Excerpts from a dataset —
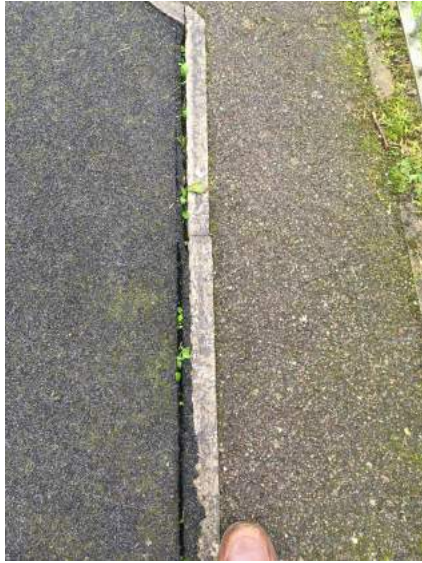
'Wet Pour' rubberised surface shrinking at edges – eventually leading to trip hazard
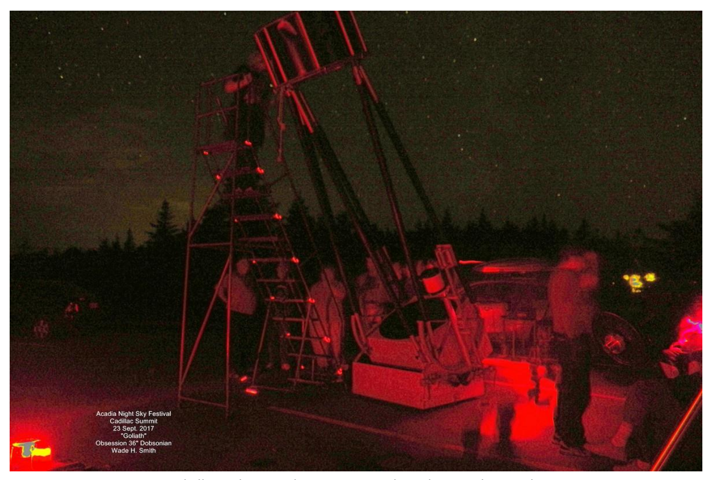
Godzilla at the Arcadia Star Party
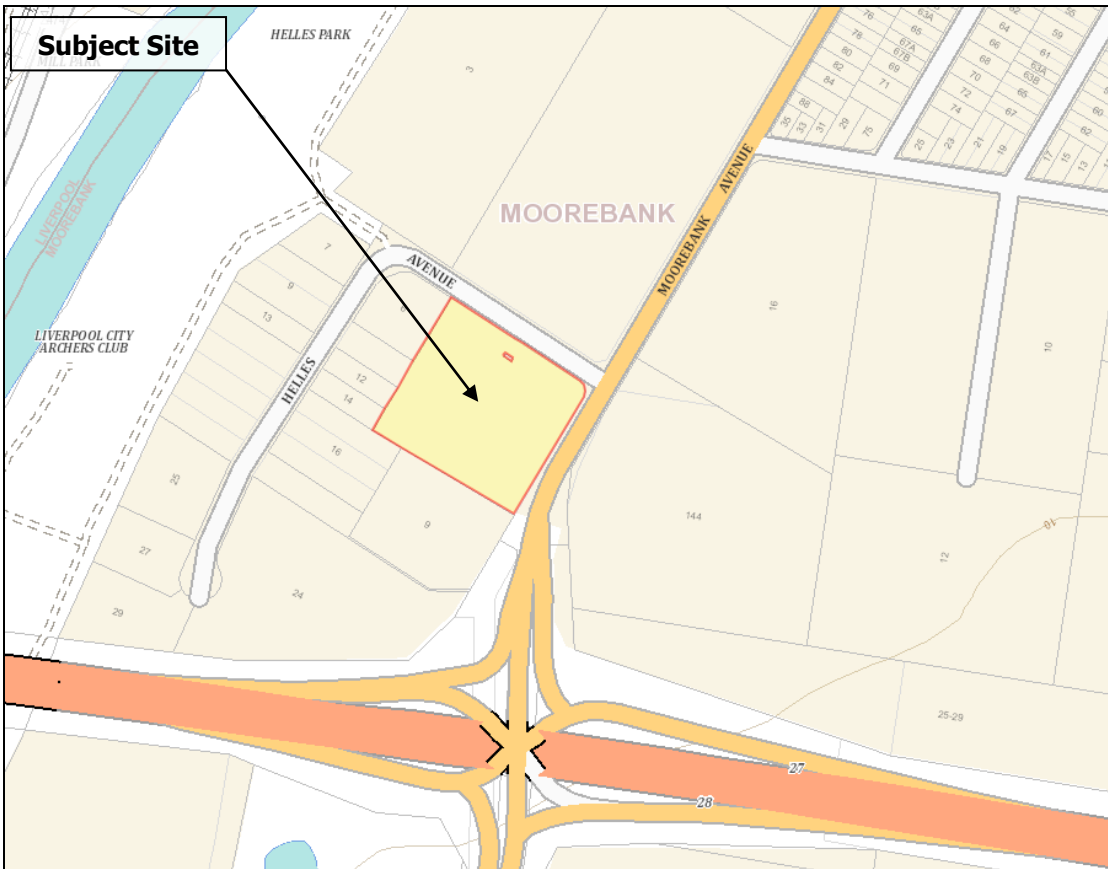
Figure 2. Cadastre Map (SIX Maps, 2017)
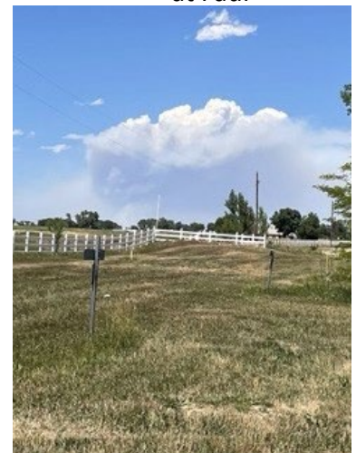
Stone Canyon fire smoke plume
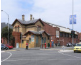
NAVAL DRILL HALL AND FORMER POST OFFICE SOHE 2008
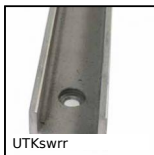
UTKswrr Guida lineare Utilitrack®, Profilo guida a V
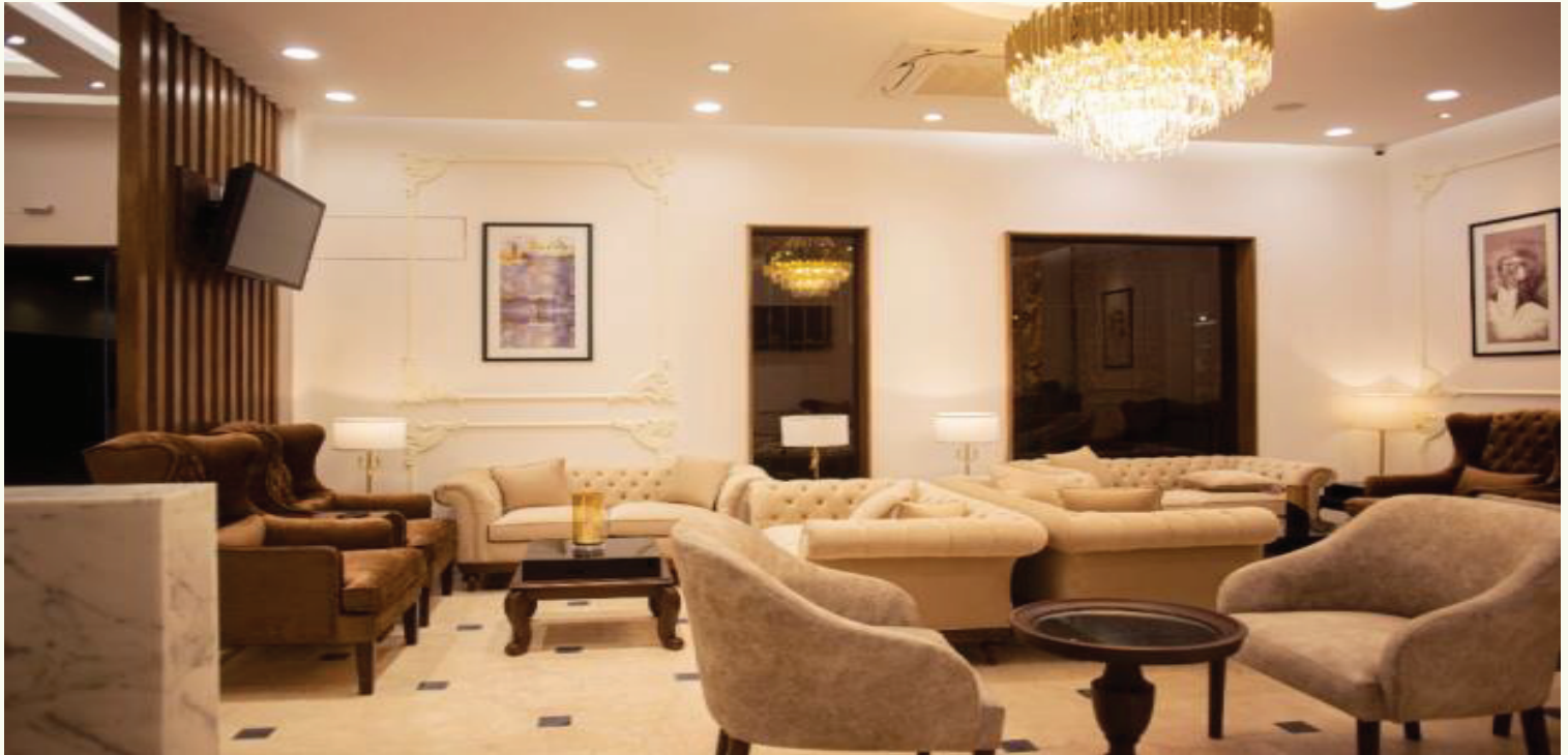
BIDA-funded lounge for investors at Dhaka's Hazrat Shahjajal International Airport.
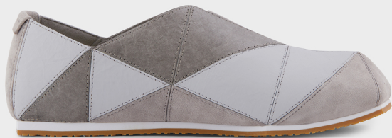
silhouette grey/ 剪影灰
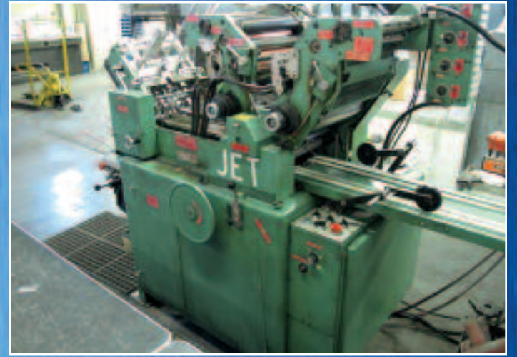
HALM JET 2/C SUPER JET ENVELOPE PRESS MODEL JP-TWOD-6D

MAILCRAFTER INSERTER MODEL 9800L-PM EDGE SERIES
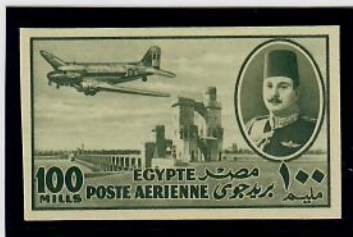
100m. olive. Imperforate on thick card paper under-printed 'Cancelled'. 150 printed.
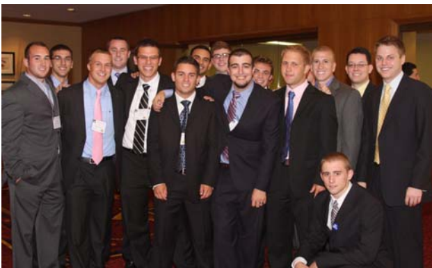
Patiently waiting outside the Convention Hall to hear our results
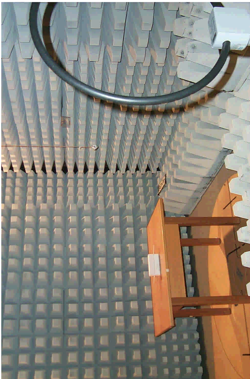
40694emi5.jpg: Test set-up preliminary radiated emission measurement 9 kHz to 30 MHz
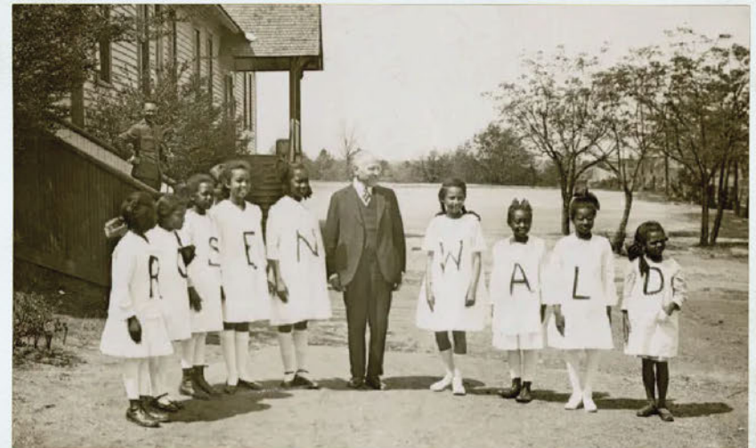
Julius Rosenwald with students from a Rosenwald school.
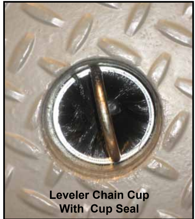
Leveler Chain Cup With Cup Seal
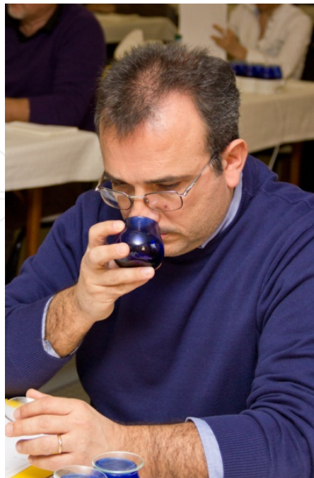
Figure 5. The olfactory test during

Once this stage is completed, he shall remove the watch-glass and smell the sample taking even, slow deep breaths until he has formed a criterion on the oil under assessment. Smelling shall not exceed 30 seconds. If no conclusion has been reached during this time, he shall take a short rest before trying again (Fig. 5).
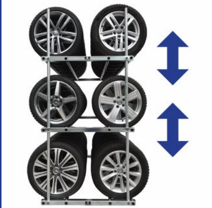
Infinitely height adjustable
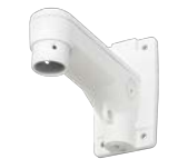
WV-QWL506-W 4-screw Wall Mount Bracket

Select a compatible accessory Accessory Selector (i-pro.com) .
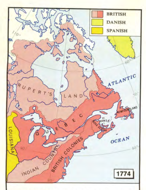
St. John's Island is separated from Nova Scotia (1769). The Quebec Act (1774) enlarges Quebec to include Labrador, Anticosti Island, Madeleine Islands, and Indian Country to the north and to the west and south to the
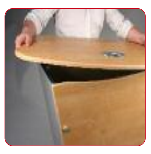
Lift the top onto the base of the unit
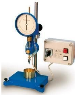
LIQUID CONE PENETROMETER
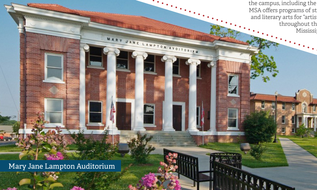
Mary Jane Lampton Auditorium
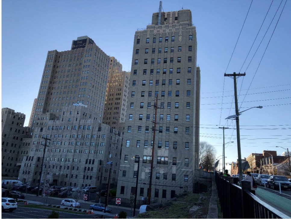
Figure 1: View of the subject property at 591 Montgomery Street (Block 13601, Lot 1), from Montgomery Street viewing west.
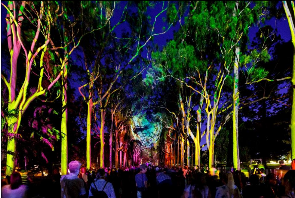
Figure 2.1: 'Boorna Waanginy: The Trees Speak' at Kings Park
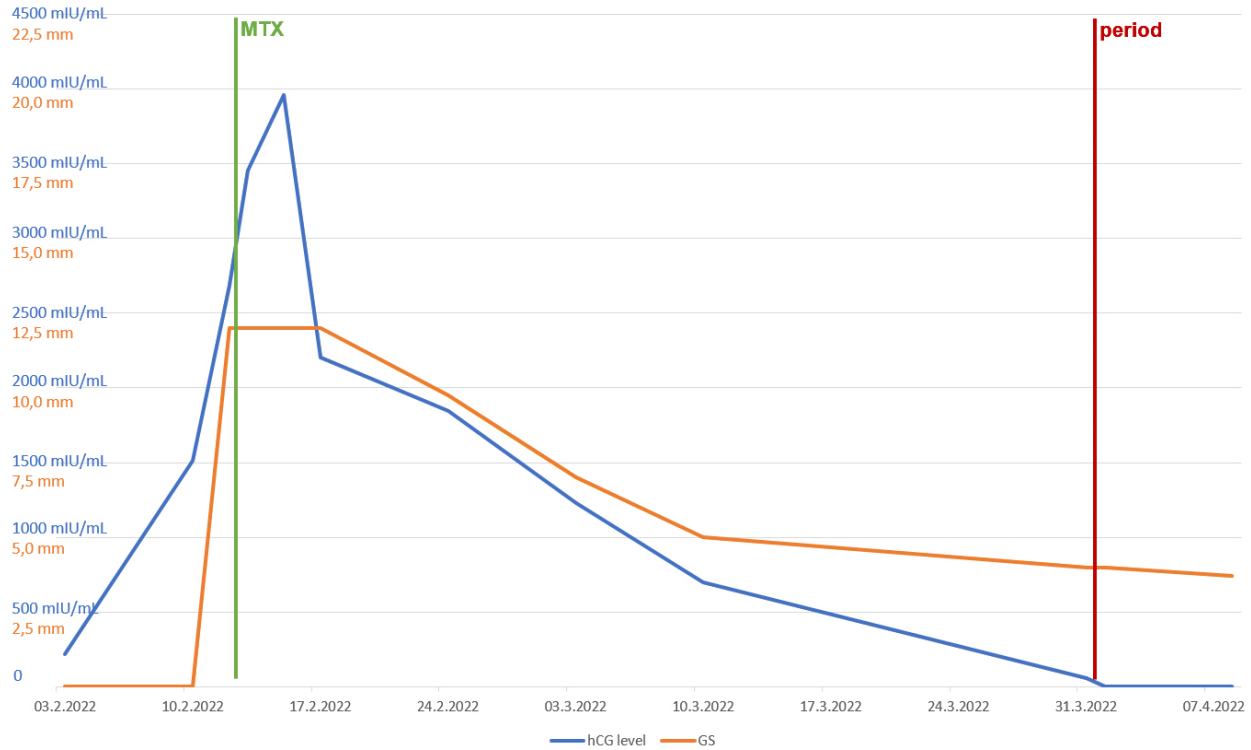
Figure 2. Human chorion gonadotropin (hCG) level and gestational sac (GS) length progression during conservative management of cervical pregnancy with methotrexate (MTX)

The patient resumed her normal period after 6 weeks and hCG level after the patient's period was <2\text{mIU/mL} , \text{PLT } 180 \cdot 10^9/\text{L} and the rudimentary sac was 3,7mm (Figure 3).
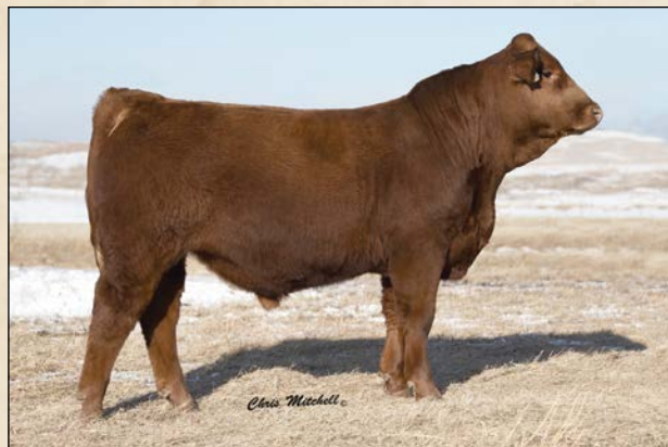
DCHD GBG EXCALIBUR 070E • Sells as Lot 50.

GOLDEN BUCKLE GELBVIEH Excalibur is one of those bulls you can't help but notice. His dark cherry red color catches your eye right away. As you study him more, you will admire his softness, depth of rib and total mass. His dam is a dam of merit and has been a powerful, influential female in our herd. She has a son working in our herd currently and has proven himself his first year. Excalibur will be one of the only offspring to sell out of the high selling DDGR Innovation bull as we lost him to an injury shortly into breeding season. Excalibur was one of our Agribition show string and was a finalist for the Canadian People's Choice Futurity Bull.
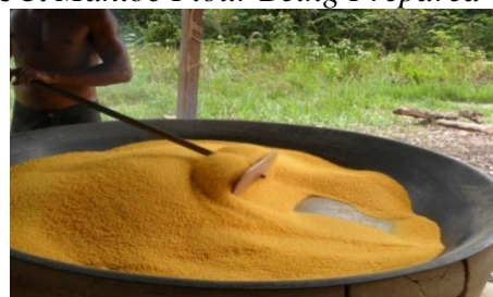
Figure 5. Manioc Flour Being Prepared
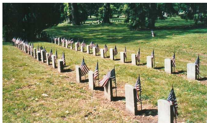
AND VETERANS ARE BURIED THROUGHOUT CEMETERY.

Commemorative Bricks , associated with the Allied Orders' Sons of Union Veterans of the Civil War and Camp 15, installed at National Civil War Museum, east side patio, 'Friends Walkway', over looking 'old wells' of Reservoir Park are displayed next:
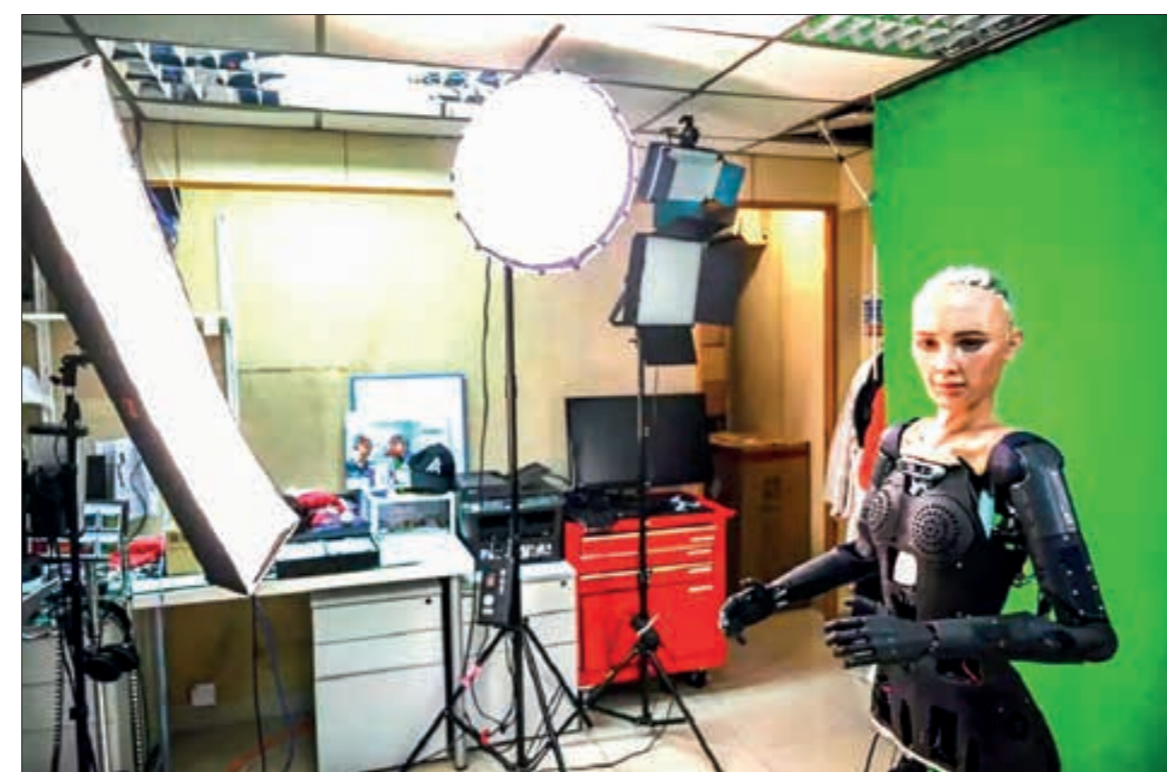
This photo taken on 10 May 2023 shows the latest version of a robot called Sophia being tested at Hanson Robotics, a robotics and artificial intelligence company which creates human-like robots, in Hong Kong.

In March, alarmed that ChatGPT creator OpenAI was

WORK TASK — Precisely those lines above that run from the line with "The patient resumed" up to and including the line with "GOLDEN BUCKLE GELBVIEH" are to be set down, with the pictures omitted.

WRITTEN ANSWER —
The patient resumed her normal period after 6 weeks and hCG level after the patient's period was <2\text{mIU/mL} , \text{PLT } 180 \cdot 10^9/\text{L} and the rudimentary sac was 3,7mm (Figure 3).
DCHD GBG EXCALIBUR 070E • Sells as Lot 50.

GOLDEN BUCKLE GELBVIEH Excalibur is one of those bulls you can't help but notice. His dark cherry red color catches your eye right away. As you study him more, you will admire his softness, depth of rib and total mass. His dam is a dam of merit and has been a powerful, influential female in our herd. She has a son working in our herd currently and has proven himself his first year. Excalibur will be one of the only offspring to sell out of the high selling DDGR Innovation bull as we lost him to an injury shortly into breeding season. Excalibur was one of our Agribition show string and was a finalist for the Canadian People's Choice Futurity Bull.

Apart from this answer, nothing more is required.